On second statement how do we do critical points?

So we have x>x^4

Therefore x^4-x<0

Now then factorizing we have: x^2 (x-1)(x+1) , we only need to take care of (x-1)(x+1) since x^2 is always >=0

But then I get the range -1<x<1 which is not correct given that for instance when x=0 clearly inequality does not hold

Would you mind showing me where I went wrong here?

Thanks!
Cheers
J

Note that the inequality is
$$x^4 - x < 0$$

So on factoring you get
$$x (x^3 - 1) < 0$$
$$x(x - 1)(x^2 + x + 1) < 0$$

Now, (x^2 + x + 1) is always positive. It has no real roots. Hence we might as well assume it to be a positive number and ignore it for the sake of getting our transition points.
Transition points are 0 and 1. Since we want the negative region, the inequality will be negative between 0 and 1.

0 < x < 1

Though, you should try to understand the relation between x, x^2 and x^3 in the ranges < -1, -1 < x < 0, 0 < x <1 and x > 1 so that you don't need to use much algebra for such questions.

Hello VeritasPrepKarishma, Its been a while since i studies all such formulaes like (a+1)^3 or a^3-1 or (a+b+c)^2 etc, so should I revisit each and every of these formulaes?

Coming back to the question, Can I say that since x>x^4 and since x^4>0 always therefore x MUST be >0
Thus, x>0 and x^4-x<0
=> x(x^3-1)<0
=> x^3-1<0
=> x^3<1
Now, since x >0 then x^3 will be less than 1 only when 0<x<1; since for any real number greater than 1, the cube is greater than the number itself.

Thus i can say x<0<1. Hence sufficient.

Is my reasoning correct?

Regards

Some important algebraic identities:

$$(x + y)^2 = x^2 + y^2 + 2xy$$

$$(x - y)^2 = x^2 + y^2 - 2xy$$

$$x^2 - y^2 = (x + y)*(x - y)$$

Others, if needed, you can calculate there and then.

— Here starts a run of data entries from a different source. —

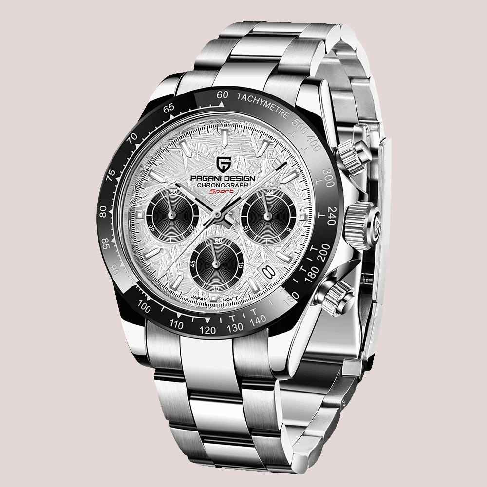 خاصية : تاريخ تلقائي، التقويم الكامل، مقاوم للماء، ساعة إيقاف، الكرونوغراف، السباحه
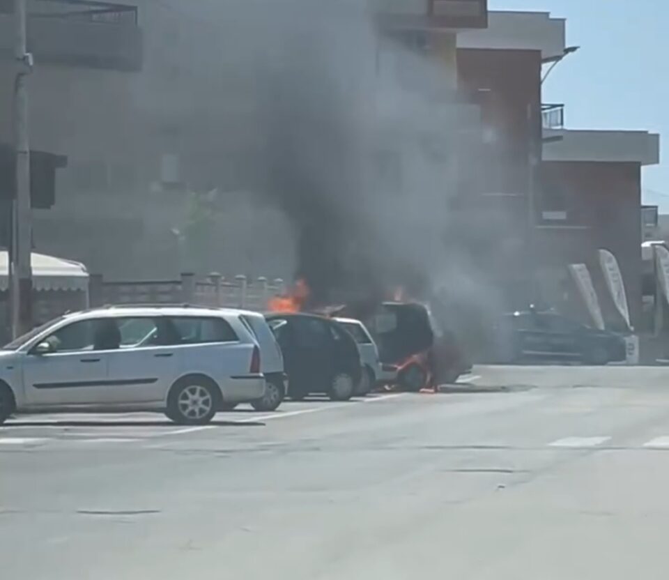 Un furgone Fiat Fiorino è stato avvolto dalle fiamme, danneggiando due automobili parcheggiate nelle vicinanze. Il rogo, scoppiato intorno alle 13:40 in via Torino, è partito dalla parte posteriore del veicolo.
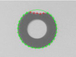 差異點(diǎn)是遠(yuǎn)離有效點(diǎn)集合的點(diǎn),它的出現(xiàn)會(huì)影響形狀(直線、圓、矩形)的逼近程度,需要將其剔除。下圖所示為剔除圓上的差異點(diǎn):
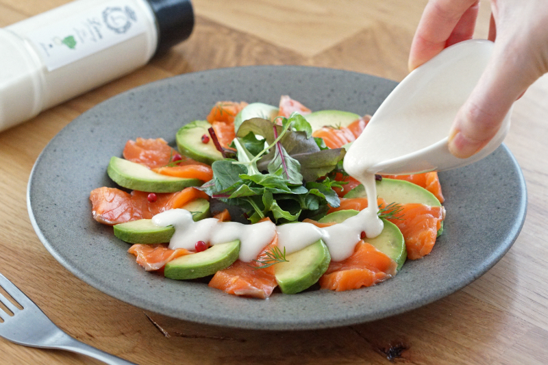 今回は、アボカドとサーモンのカルパッチョに、この蕪のドレッシングを合わせました。蕪のほのかな甘みとやわらかな風味が、サーモンの旨味とクリーミーなアボカドによく合います。素材の味を引き立てながら、全体をやさしくまとめてくれる一皿になりました。
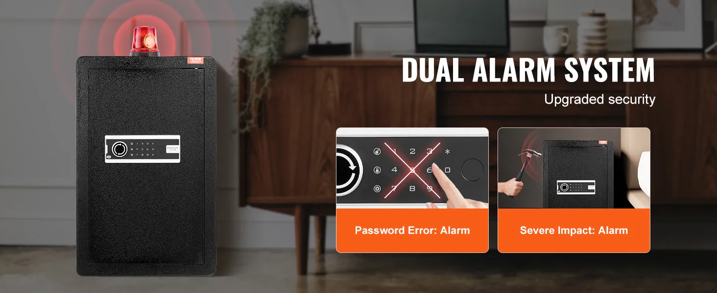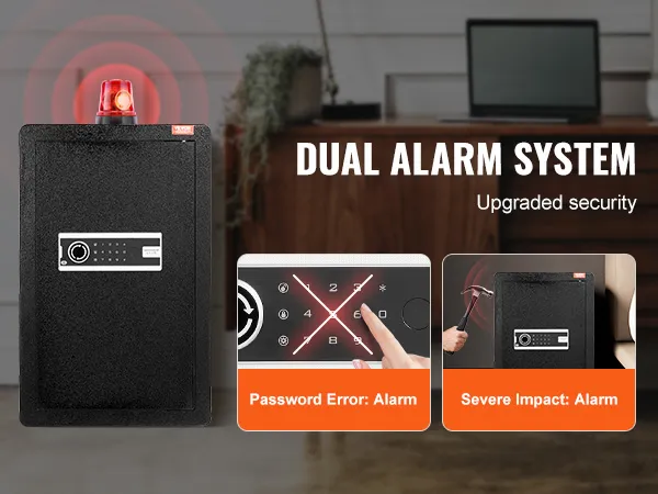 Dual Alarm System: Featuring a dual alarm system, the lock box will sound an alert if the password is entered incorrectly three times in a row or if it experiences a strong impact. This added security measure notifies you of any attempted theft, giving you peace of mind.
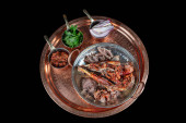 Zdjęcie "Kuchnia turecka zmieszana kebab. Shish kebab, shaverma, grillowany kurczak. Dania kuchni orientalnej, leżące na chlebie pita i ozdobione zielenią i warzywami, sosami i frytkami." może być wykorzystywane do celów osobistych i komercyjnych zgodnie z warunkami zakupionej licencji Royalty-free. Obraz jest dostępny do pobrania w jakości wysokiej rozdzielczości do 5760x3840.
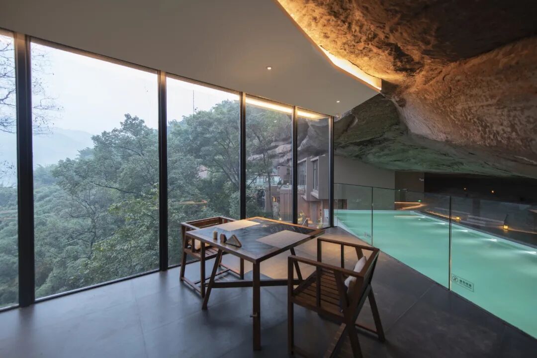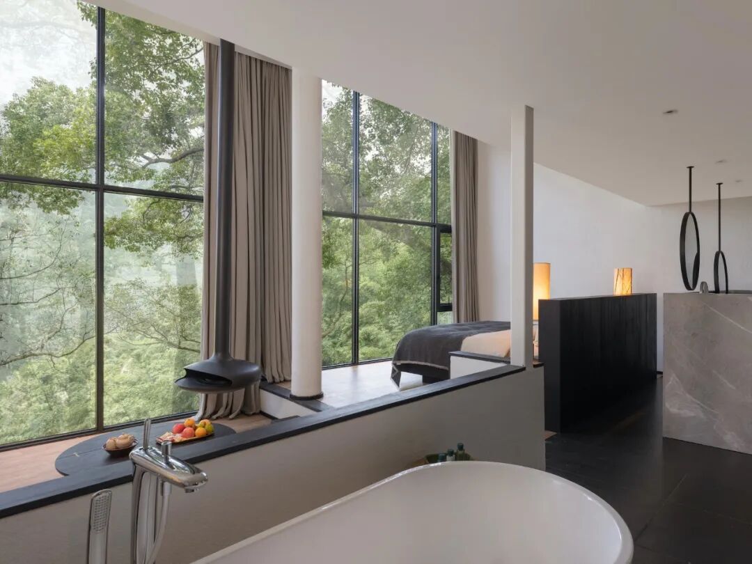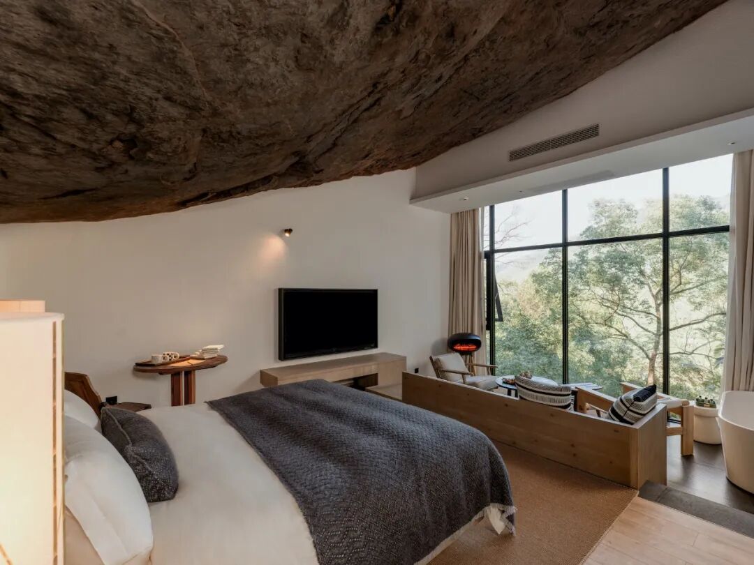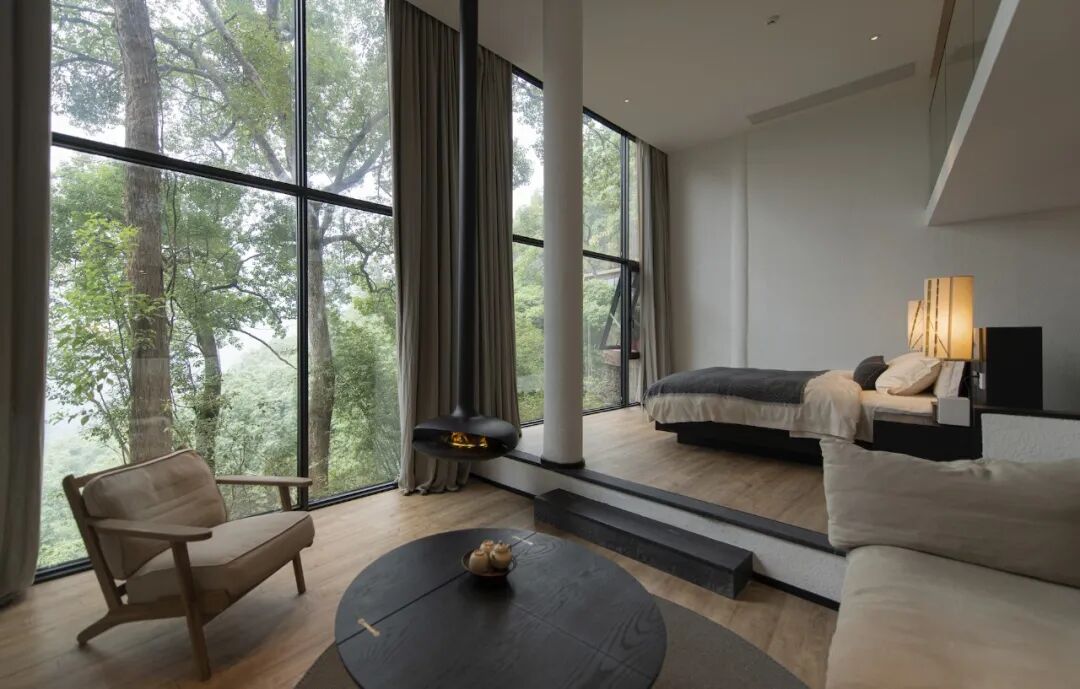 由于岩洞的限制性高差,因此采用错落的解构,将卫生间和水吧放在空间后端,卧室放在前端,跨度大的落地窗连接着露台,让卧室拥有开阔的视野和风景。
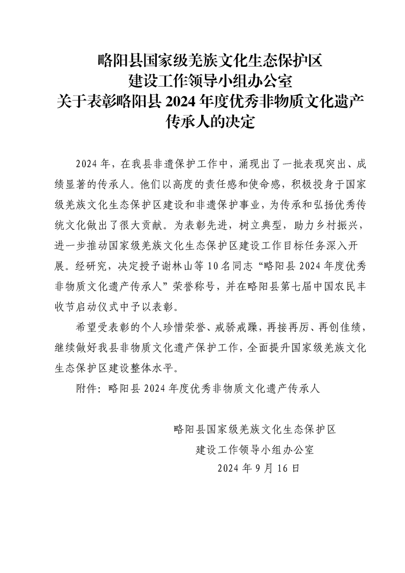 星空体育首页app国家级羌族文化生态保护区建设工作领导小组办公室关于表彰星空体育首页app2024年度优秀非物质文化遗产传承人的决定
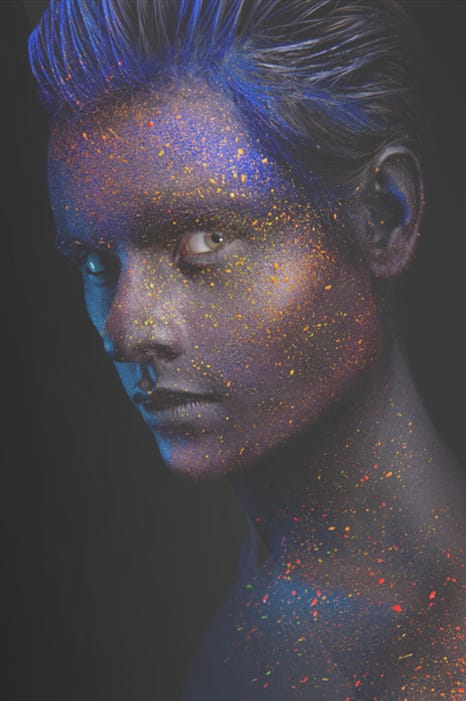 Kosmisk Glöd – Djärvt och Elegant Neonporträtt
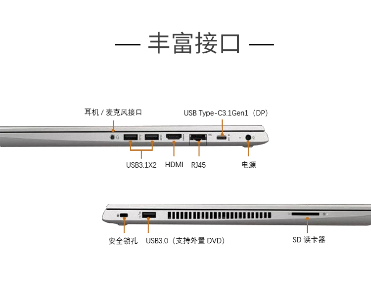 2*USB3.1, 1*USB3.0,1*USB Type-C接口,HDMI接口,耳机/麦克风二合一接口, RJ45(网络接口),电源接口,SD读卡器 |
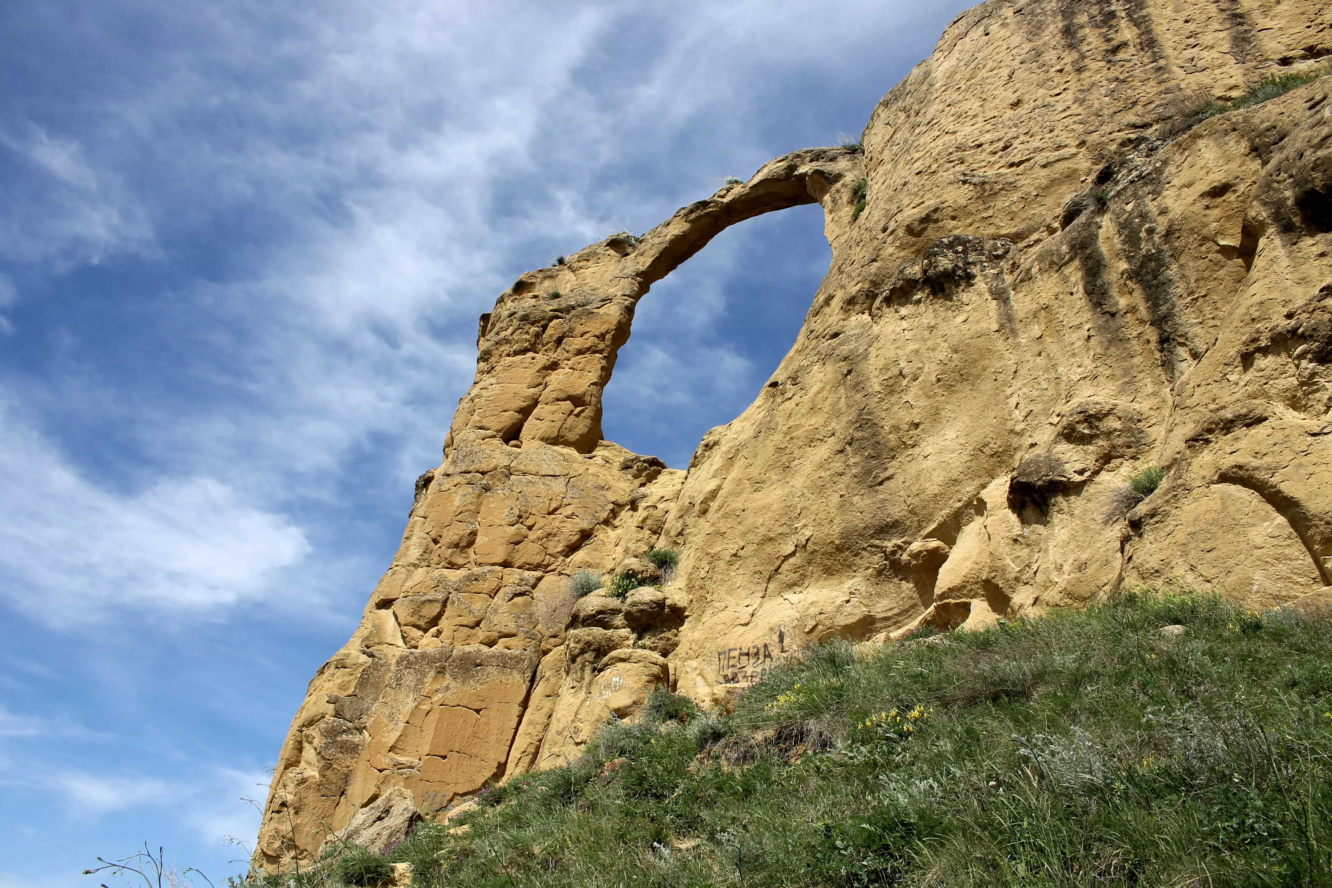Эту достопримечательность создала сама природа, благодаря ветрам, большим перепадам температур, эрозии и другим природным явлениям, которым подвергались горы Боргустанского хребта. Здесь, на высоте около 900 метров, образовались гроты причудливой формы в виде выемок в скале, и только одна из них с огромным 8-метровым проемом.
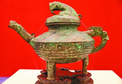 “鎣”音“瑩”??脊艑W家孫機告訴記者,鎣是用來盛放一種叫“郁金”的液體香料的容器。他介紹,古代人認為神不吃東西,而喜歡聞香氣的。所以就把酒放在爵中,下面用火加熱,促進酒氣揮發(fā)。由于古代的酒通常濃度較低、氣味比較清淡,所以特別要在酒中調(diào)入“郁金”,增加香味以娛神。他還說,目前已知存世的“鎣”不超過8件,有些是出土的,甚至是殘破的,而“虎鎣”卻非常完整,且造型奇特,所以十分珍貴。
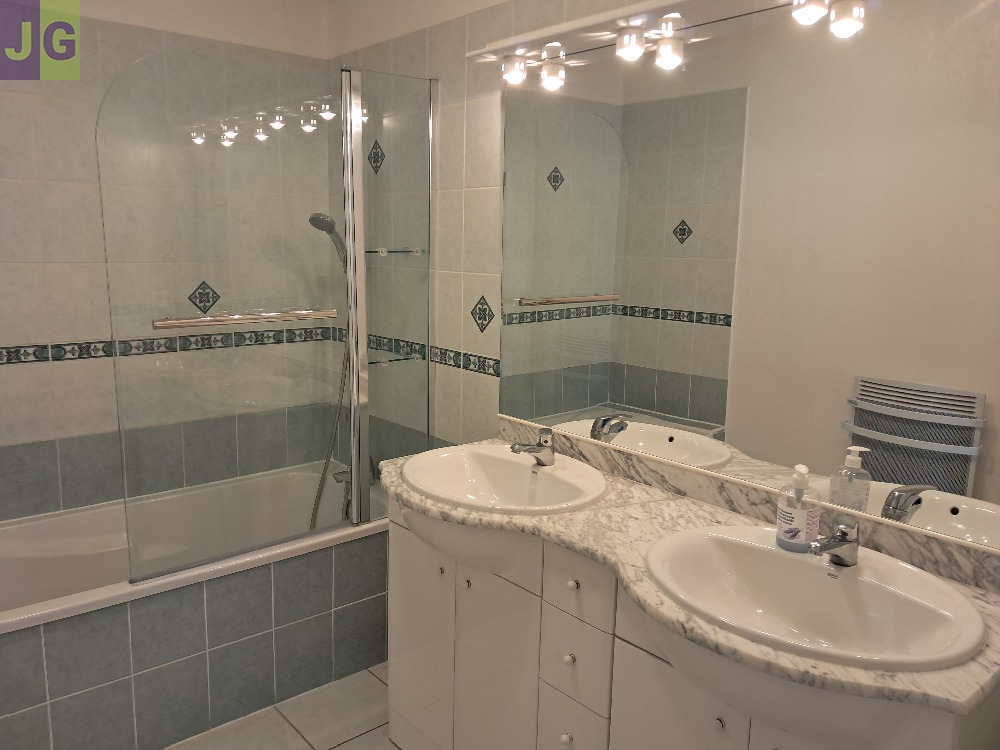 - une salle d'eau de 5 m² avec baignoire et 2 vasques
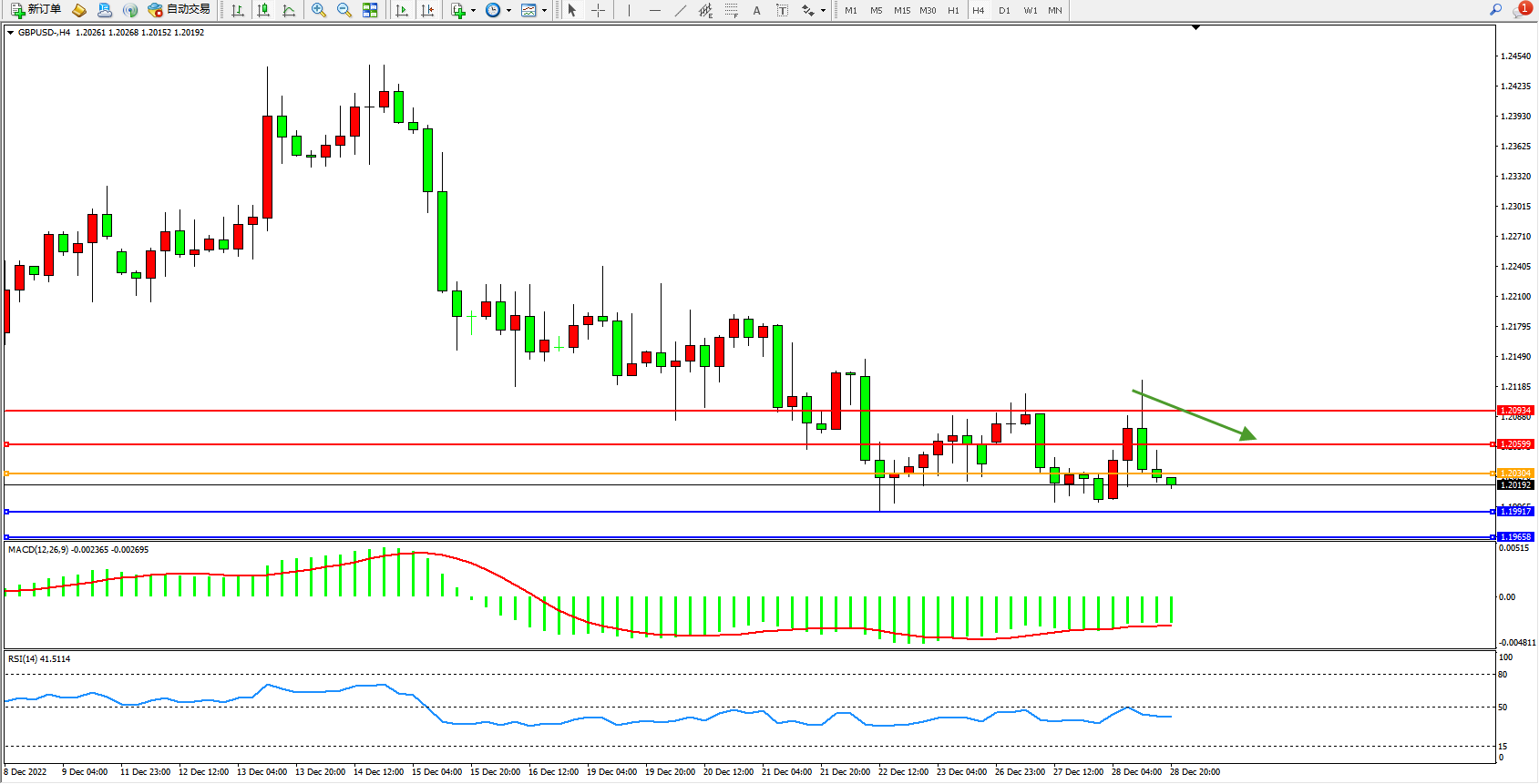 交易策略:1.20304下方看跌,目标1.19917、1.19658
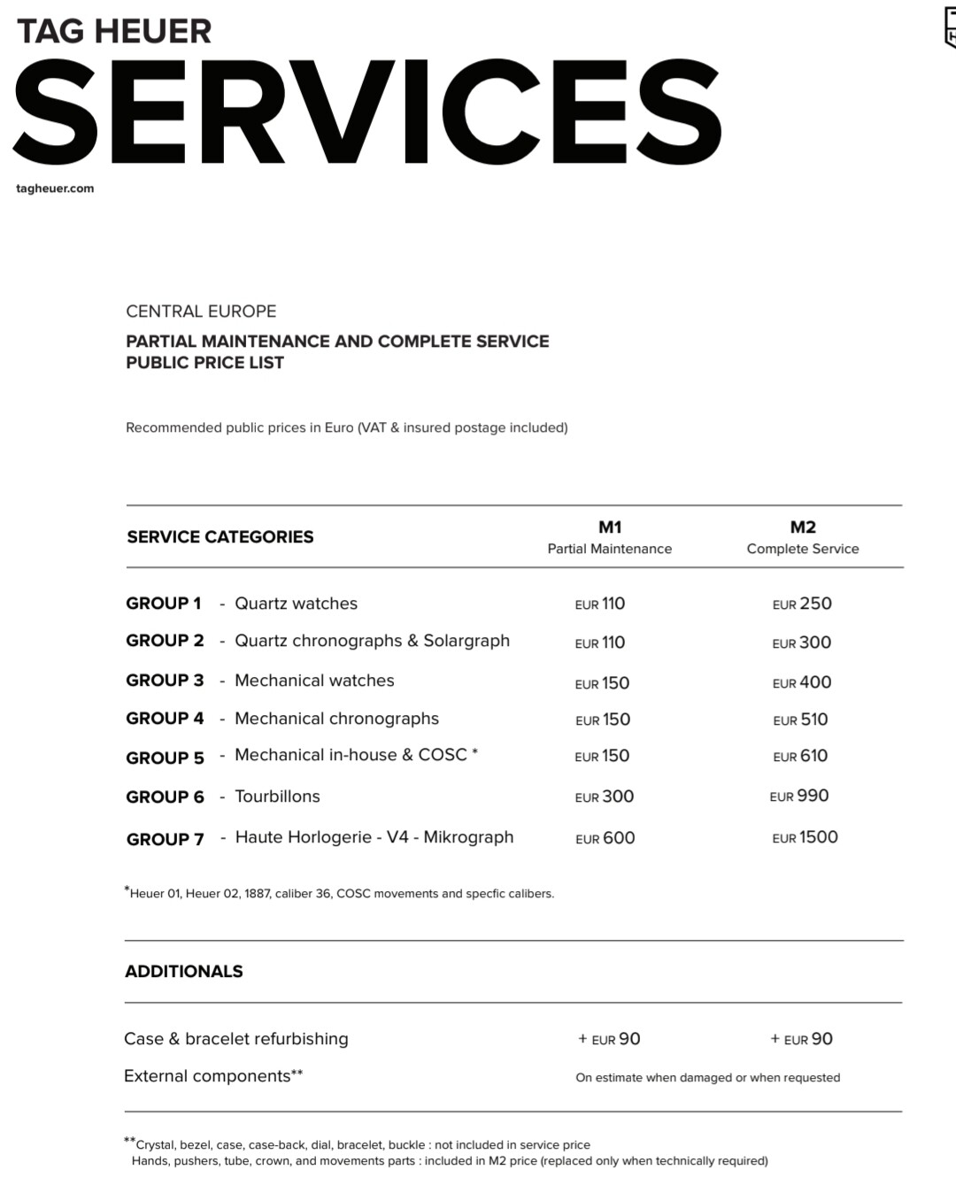 Bij mijn heuer01 uurwerk kost wel tussen de 600 en 700(omdat het een COSC uur werk is) volgens S&C
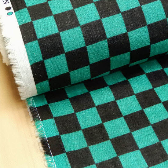生地 鬼滅の刃風 ダブルガーゼ 和柄 市松格子 かまど市松 緑 黒 綿 布 110cm幅 商用利用可 メール便1.5m迄 爆買
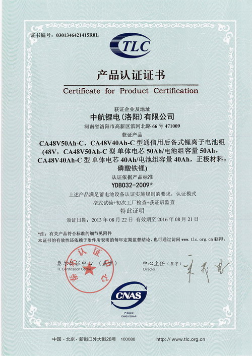 8月30日,中航锂电成功获得CA48V50Ah-C、CA48V40Ah-C型通信用后备式锂离子电池组泰尔认证证书,这标志着公司CA48V50Ah-C、CA48V40Ah-C型通信用后备式锂离子电池组获得通信行业国家级认可,为公司开拓通信行业市场奠定了坚实基础。

$$(x + y)^3 = (x + y)(x + y)(x + y) = (x^2 + y^2 + 2xy)(x + y) = x^3 + xy^2 + 2x^2y ...$$

As for this question, yes you can arrive at 0 < x< 1 through that method too. No problem in the reasoning though I would suggest you to look at the other methods discussed above too. They are more generic.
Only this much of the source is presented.